I promised to share this shrimp recipe when I made Cauliflower Fried “Rice”, but found that when you make shrimp it comes together in no time at all and smells delicious while cooking. I couldn’t bare make my family wait for photos before eating, so we ate perfectly warmed shrimp, and I hoped that there would be leftovers for photos later.
Nope. No way! We devoured every single Spicy Tequila Shrimp and even licked our fingers! So of course I had to make this dish a second time!
You become a different person when you are carrying a hot cast iron pan from one room to the next. Besides being hella heavy, it’s crazy hot and can be dangerous if it drops, so I had to work fast to get a couple of photos. I definitely was in fierce, focused, and I WILL get a shot mode!
I think I scared our cats and dog when I yelled at them to get out of my way, and that they better not walk in my foot path… I may have been a little LOUD. Probably ear-piercing enough to scare the neighbors too! haha!

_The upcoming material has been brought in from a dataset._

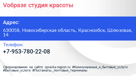 Vобразе, студия красоты по адресу 630058, Новосибирская область, Краснообск, Шлюзовая, 14 в дальнейшем Организация, размещена в следующих категориях:

This Spicy Tequila Shrimp dish is worth the photo raucous! This is a delicious main meal and also can be served as an appetizer. I found the fusion of Asian flavors with the hot sauce and bold notes from the Mexican tequila quite complimentary! The honey also plays nicely as it isn’t over powering with sweetness and cools the heat to a flavorful mix.
- 1 pound shrimp, cleaned and deveined
- ¼ cup Blanco Tequila
- 3 tablespoons fresh lime juice (about 2 limes)
- 4 tablespoons honey
- 1-2 (adjust to your preference) hot sauce like Sriracha
- 2 cloves garlic, chopped
- 1 tablespoon olive oil for marinade,
- ½ tablespoon olive oil for skillet
- 1 tablespoon corn starch
- In a medium bowl whisk together tequila, lime juice, honey, hot sauce, garlic and olive oil until smooth.
- Add shrimp to the bowl and fold to coat. Cover and put in the refrigerator for 20-25 minutes.
- Heat oil in a skillet over medium-high heat. With tongs gently remove the shrimp from the marinade and place shrimp on hot skillet (don't over crowd pan and cook in batches if necessary). Cook for one minute and then flip and cook for another minute.
- Remove the cooked shrimp and set aside. In a small bowl whisk together 1 tablespoon of marinade with the corn starch to make a slurry.
- Pour remaining marinade in the skillet and heat for about 2-3 minutes. Add the slurry to thicken the sauce cooking for another 2-3 minutes. Fold shrimp back into skillet to heat and serve immediately.